Until now, the name of the photographer who produced this portrait of Bresdin, of which no proof was known, was unknown. However, the portrait was not unknown. Robert de Montesquiou had described it in his essay on Bresdin:

"I have before me two portraits of Bresdin, in better times: one, a print by Monsieur Aglaüs Bouvenne, shows a reclusive head with a bushy beard and a Socratic skull, quite similar to the Verlaine of his later years. The other, much preferable, is a photograph of the good man, sitting cross-legged, in a familiar attitude under his heavy cloth paletot, his checked pants, his pipette in his hand, his head debonair and wilful, peasant and fine." (Robert de Montesquiou, L'inextricable graveur: Rodolphe Bresdin, H. Floury 1913, p. 47, translated by us).

In his monograph on Bresdin accompanying the catalogue raisonné of his engraved works, Dirk Van Gelder presents a poor reproduction of this photograph, with the bottom cut off and the background decoration erased:

"To try to picture Bresdin, we have only one photograph (fig. I0). Let's imagine him rising from his seat. He is, as Redon tells us, "a man of medium height, stocky and powerful, with short arms". A middle-aged man, in his forties. "Young still, but already aged", Cladel had said a few years earlier. We also have a drawing of Bresdin (fig. 132). Executed by Condeixa, his son-in-law, it gives us a peaceful image of the artist's old age, especially when we consider the sixty-year-old Bresdin as described by Alexandre Hepp: "A head to frighten, the eyes extinguished, the torso broken". Photography and drawing are the only two authentic portraits we have found, and it's hard to get an idea of the younger Bresdin." (Van Gelder, Rodolphe Bresdin, Vol. I. Monographie en trois parties, 1976, p. 39, translated by us).

Inspired by this photograph, says Van Gelder, Ernest Bouvenne produced the etching for the frontispiece of his Catalogue des pièces gravées de Rodolphe Bresdin (op. cit. p. 160).

In the catalog for the exhibition Rodolphe Bresdin (1822-1885) : Robinson graveur at the Bibliothèque nationale de France (May 30 - August 2, 2000), Maxime Préaud quotes Robert de Montesquiou's text and says that he only knows the photograph from reproductions by Neumann (1929) and Van Gelder:

"We haven't managed to get our hands on an original proof. It is perfectly described by Montesquiou. It served as a model for a lithograph executed as a counterpart by Auguste André Lançon (1836-1885), exhibited and reproduced as a work by Alphonse Legros at the Chicago exhibition of 1931(...) Where this photograph comes from, it is rather difficult to say with certainty. Bresdin's relationship with photography deserves a little study. Van Gelder thinks that this photograph was taken in the 1860s, when Bresdin was in Bordeaux, which is quite likely.” (p. 32 – our translation)

However, this is not the case.
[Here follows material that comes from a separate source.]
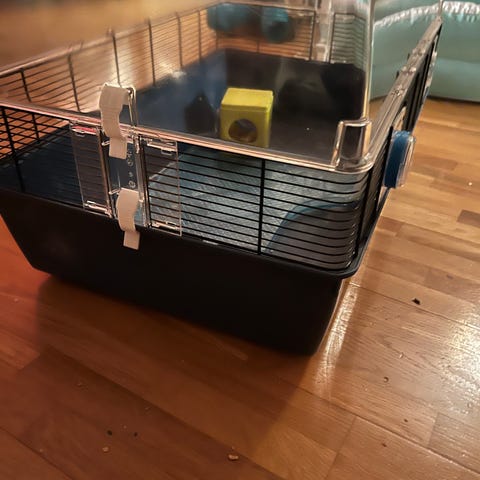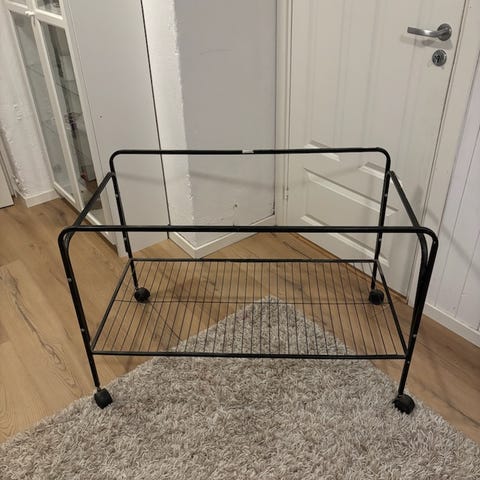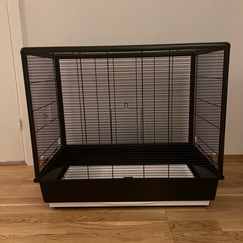Bur i metall med svart farge. Bur med håndtak og dør, egnet for oppbevaring eller transport.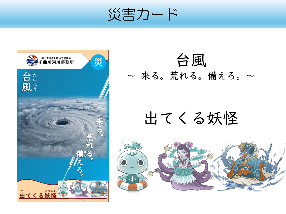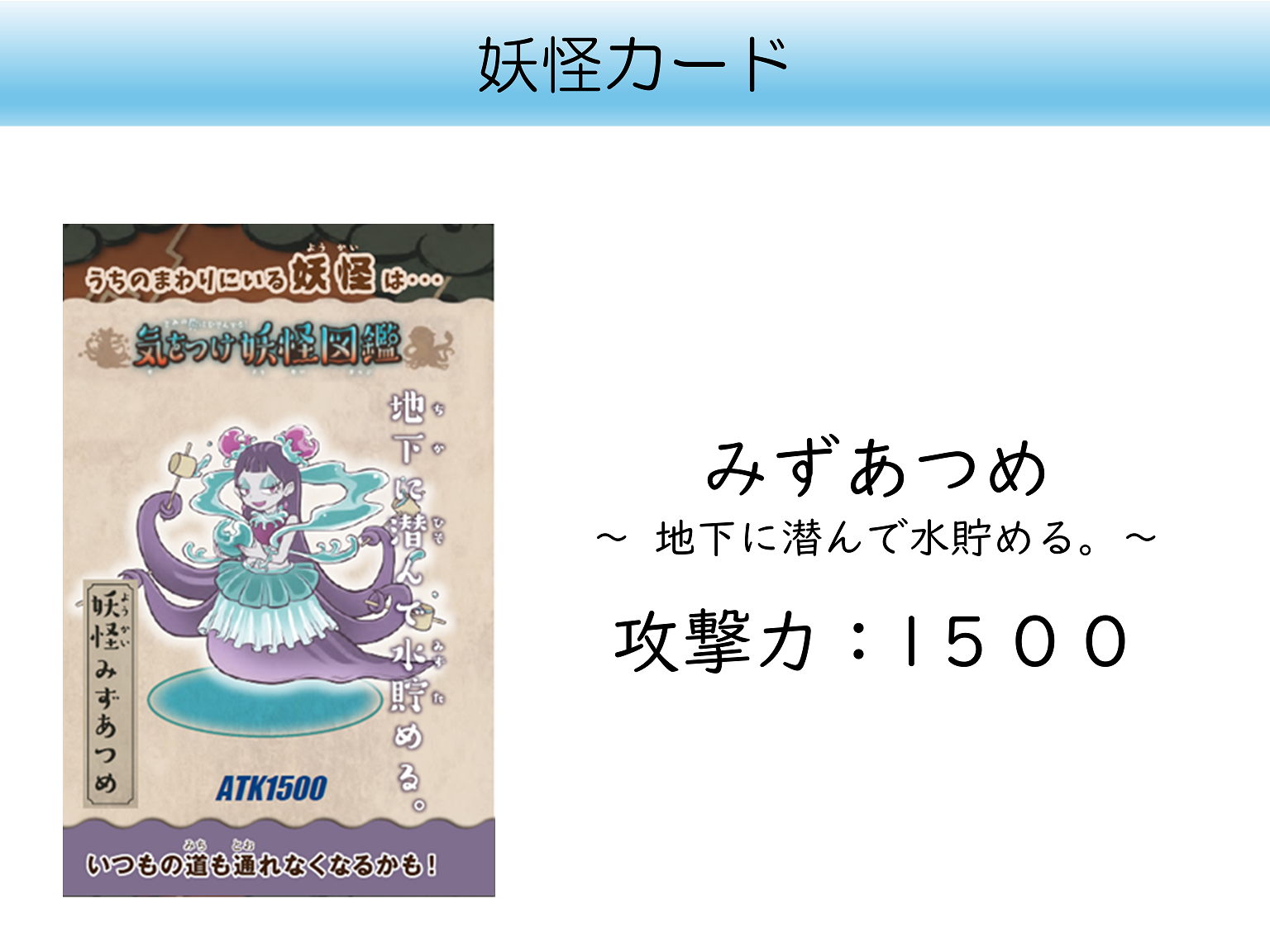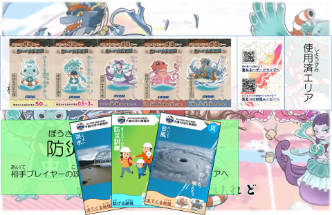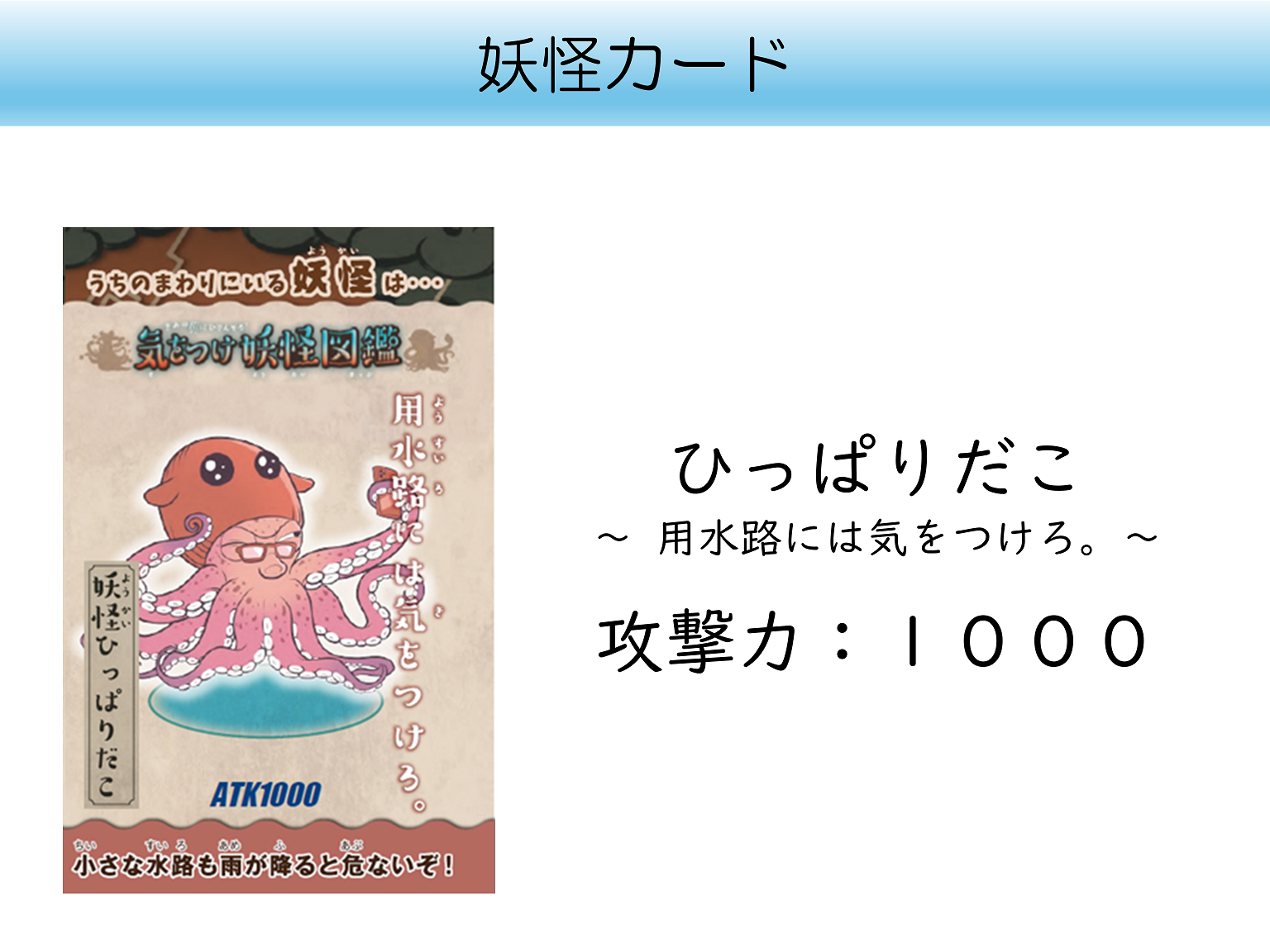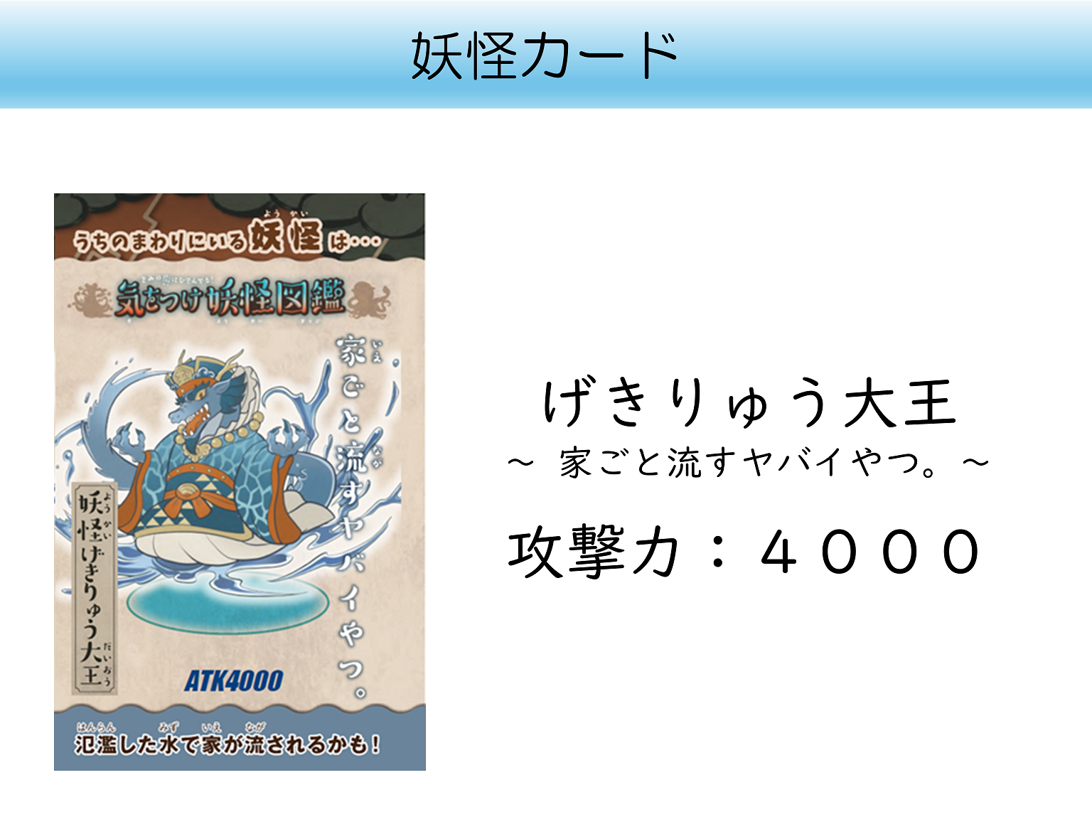 水害リスクを分かりやすく伝えるために作られた防災教材キャラクター「気をつけ妖怪」を活用し妖怪と災害による攻撃、防災による防御の攻防を通じて、防災を学ぶ対戦型カードゲームを作りました。

The unobtainable proof we were lucky enough to acquire tells us that this portrait was taken by the photographer Ferdinand Berillon, based in Bayonne and Biarritz. The photograph was most probably taken in Biarritz, where Bresdin stayed several times: once as a guest of his friend Capin, again in October 1866, and again "with unknown friends" in autumn 1867 (Van Gelder, Monographie pp. 19, 62, 95).
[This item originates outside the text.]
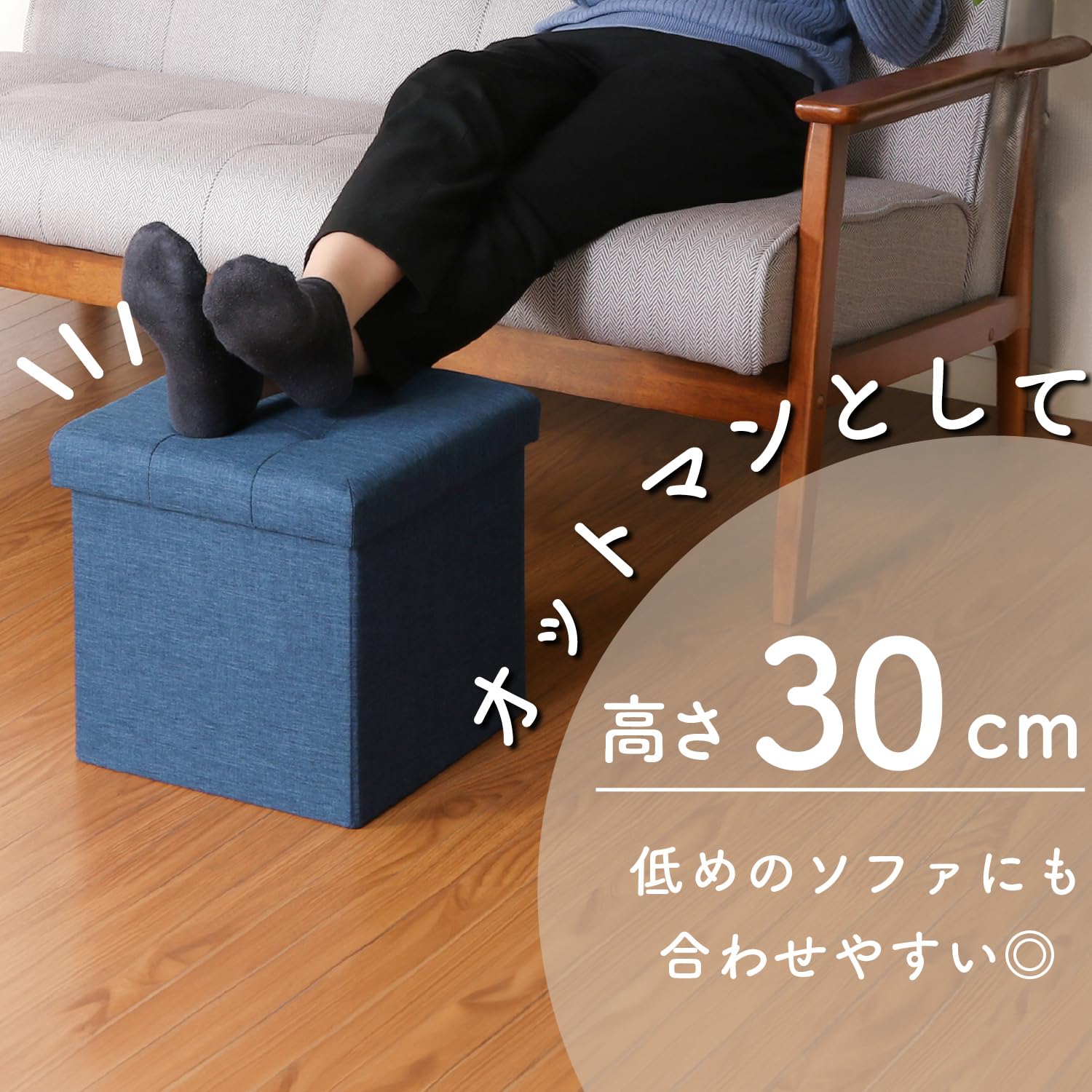 不二貿易 収納スツール 収納ボックス 幅31×奥行31×高さ30.5cm ネイビー オットマン 耐荷重80kg 折りたたみ ボックススツール ハント 85993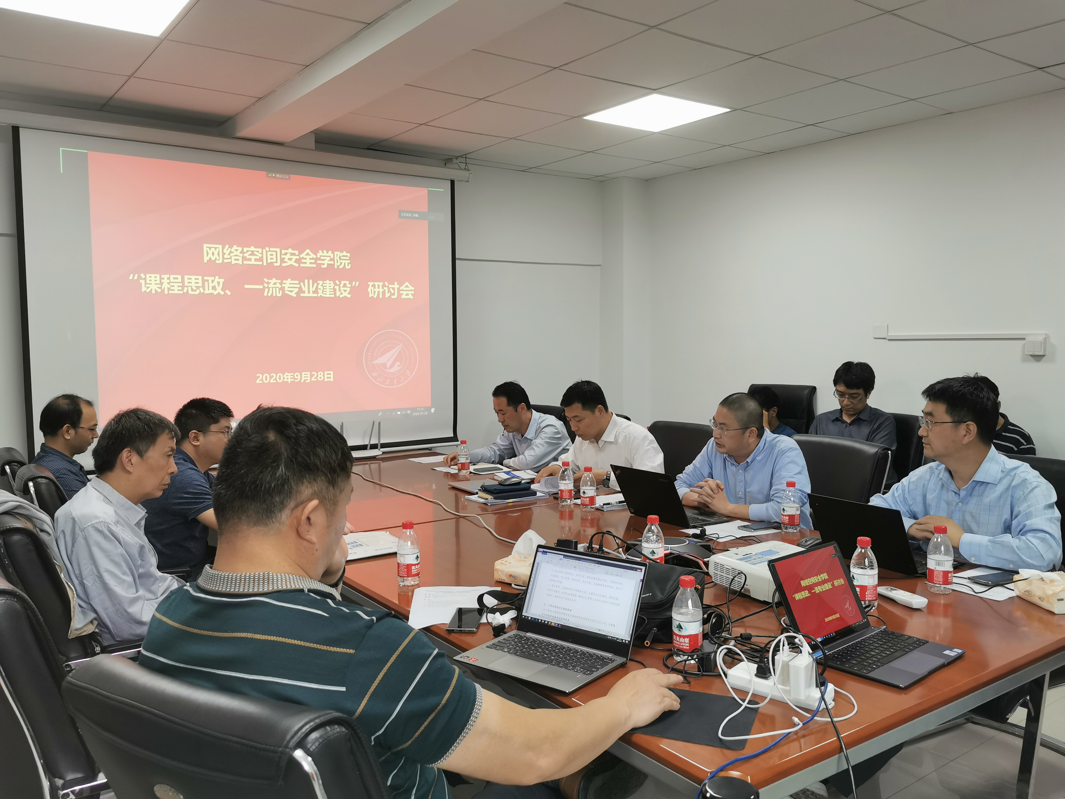 首先,专业核心课教学研究组代表——胡伟老师就信息安全专业培养方案、“一流专业”和“一流课程”建设、课程思政建设、实战型网安拔尖人才培养等几个方面汇报了前段时间小组成员就课程思政建设和人才培养等方面讨论得出的结果,提出要对照培养目标,细化本专业培养方案,着重体现专业特色;对标国际一流高校、瞄准一流示范网安公司、明确国家和企业人才需求进行一流学科和一流专业建设。

Bresdin's presence in Biarritz in 1866 is attested by the dedication on an impression of The Good Samaritan: “témoignage de bon souvenir /pour votre bonne hospitalité / Biarritz 5 octobre 1866”.

It is possible that Bresdin, whose means were very modest, ordered only a very small number of proofs of his portrait from Berillon, or that he was even content with this single proof, not following up on the photographer's offer at the bottom of the verso: "All plates are kept. Anyone wishing to obtain further proofs need only quote the plate number". (There is no number on the reverse of our proof). This would explain why the Bibliothèque nationale de France and the INHA have no proof to date, and why neither Van Gelder nor Maxime Préaud have been able to locate any.